Content starts
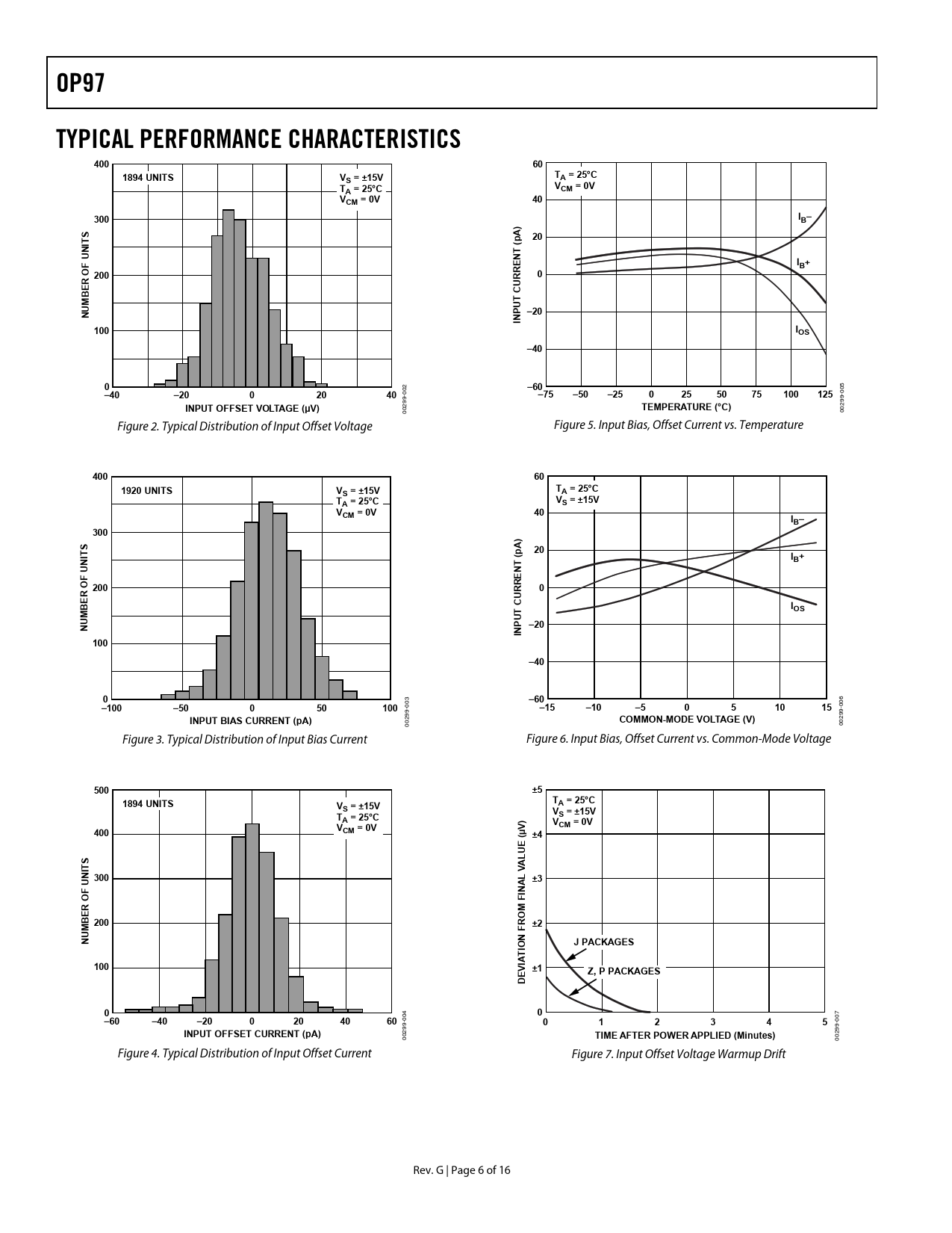 OP97. TYPICAL PERFORMANCE CHARACTERISTICS. 400. 1894 UNITS. S = ±15V. A = 25°C. CM = 0V. VCM = 0V. 300. IB–. NI U. IB+. O 200. R E B. CUR. T U. –20. INP
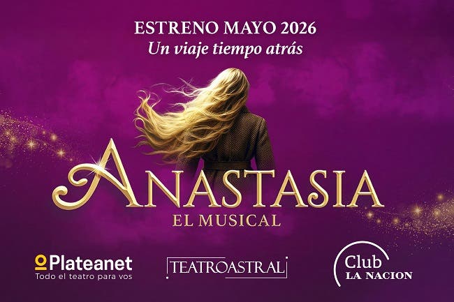 Accede al beneficio para ANASTASIA ingresando tu número de credencial de Club LA NACION en la web del Plateanet. Funciones los martes 20 hs, miércoles 20 hs y sábados 16 hs del 7 de marzo al 2 de agosto en el Teatro Astral.
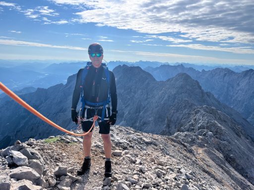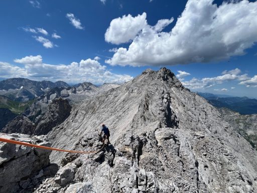 Wir treffen uns in der Früh in Garmisch und fahren gemeinsam mit der ersten Bahn zum Gipfel der Zugspitze. Von dort folgt man dem schmalen Gratverlauf in ständigem Auf und Ab – stets in ausgesetztem, hochalpinem Gelände. Unterwegs überschreitet man mehrere markante Gipfel: die Innere Höllentalspitze (2.741 m), die Mittlere Höllentalspitze (2.742 m) und die Äußere Höllentalspitze (2.721 m). Es folgt die Überschreitung der Vollkarspitze (2.630 m), bevor man unterhalb des markanten Hochblassen entlangquert. Schließlich erreicht man den formschönen Gipfel der Alpspitze (2.628 m).
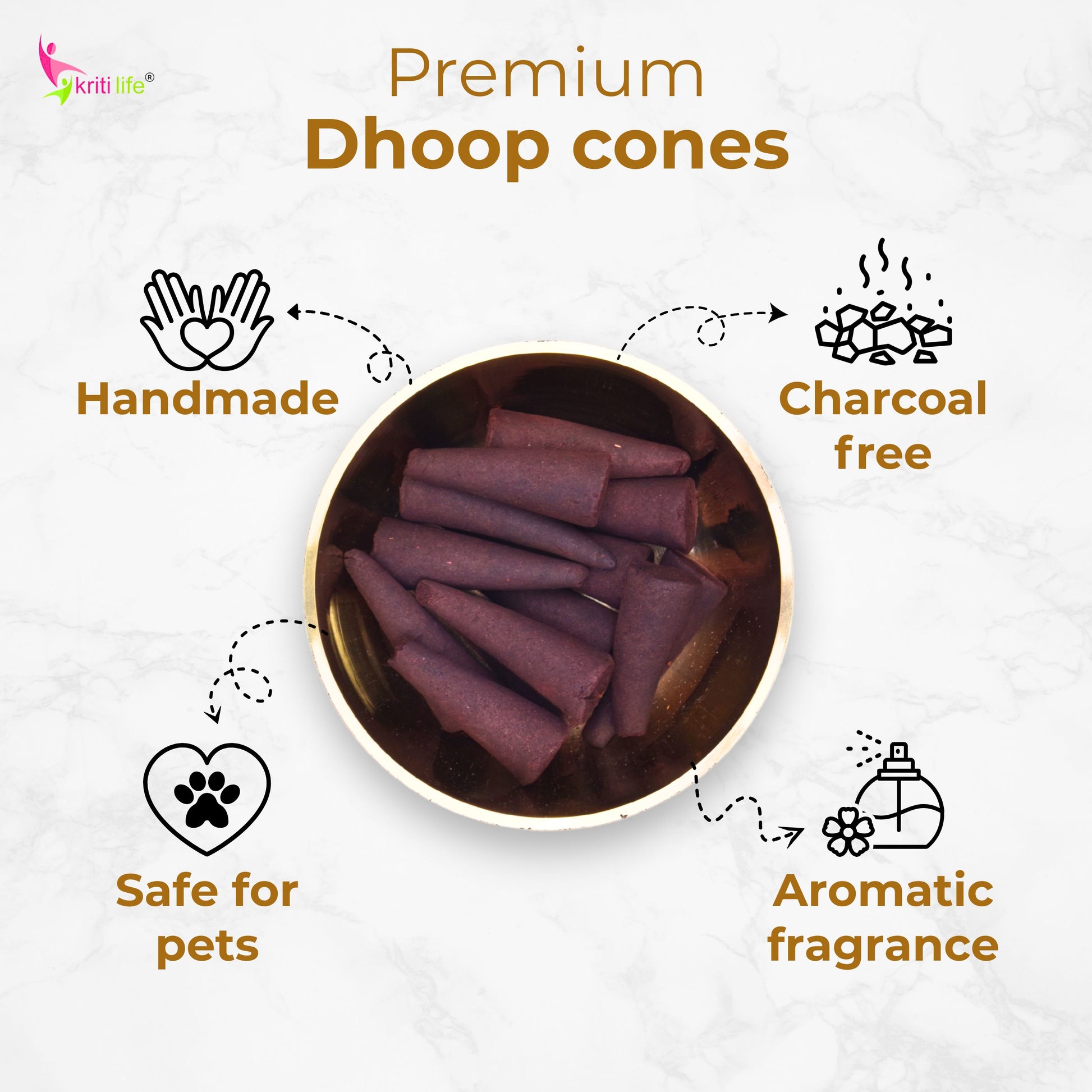 Kriti Life incense cones are thoughtfully crafted to bring a serene and refreshing aroma to your space. Each pack contains approximately 60 handmade cones, each measuring 5 cm in height with a 1.5 cm base diameter. Designed for long-term use, these cones are carefully packed to preserve their quality and natural fragrance. With a burn time of up to 40 minutes per cone, they create a calming atmosphere ideal for Puja, Hawan, meditation, yoga, or everyday home fragrance. Made using natural, charcoal-free ingredients, these eco-friendly incense cones produce minimal smoke while delivering a soothing, long-lasting aroma—perfect for enhancing peace, purifying the air, and elevating your daily rituals.
Content ends
Will you repeat the material above, but only from the line containing "Wir treffen uns" through its last line, exactly and without the pictures?

 Wir treffen uns in der Früh in Garmisch und fahren gemeinsam mit der ersten Bahn zum Gipfel der Zugspitze. Von dort folgt man dem schmalen Gratverlauf in ständigem Auf und Ab – stets in ausgesetztem, hochalpinem Gelände. Unterwegs überschreitet man mehrere markante Gipfel: die Innere Höllentalspitze (2.741 m), die Mittlere Höllentalspitze (2.742 m) und die Äußere Höllentalspitze (2.721 m). Es folgt die Überschreitung der Vollkarspitze (2.630 m), bevor man unterhalb des markanten Hochblassen entlangquert. Schließlich erreicht man den formschönen Gipfel der Alpspitze (2.628 m).
 Kriti Life incense cones are thoughtfully crafted to bring a serene and refreshing aroma to your space. Each pack contains approximately 60 handmade cones, each measuring 5 cm in height with a 1.5 cm base diameter. Designed for long-term use, these cones are carefully packed to preserve their quality and natural fragrance. With a burn time of up to 40 minutes per cone, they create a calming atmosphere ideal for Puja, Hawan, meditation, yoga, or everyday home fragrance. Made using natural, charcoal-free ingredients, these eco-friendly incense cones produce minimal smoke while delivering a soothing, long-lasting aroma—perfect for enhancing peace, purifying the air, and elevating your daily rituals.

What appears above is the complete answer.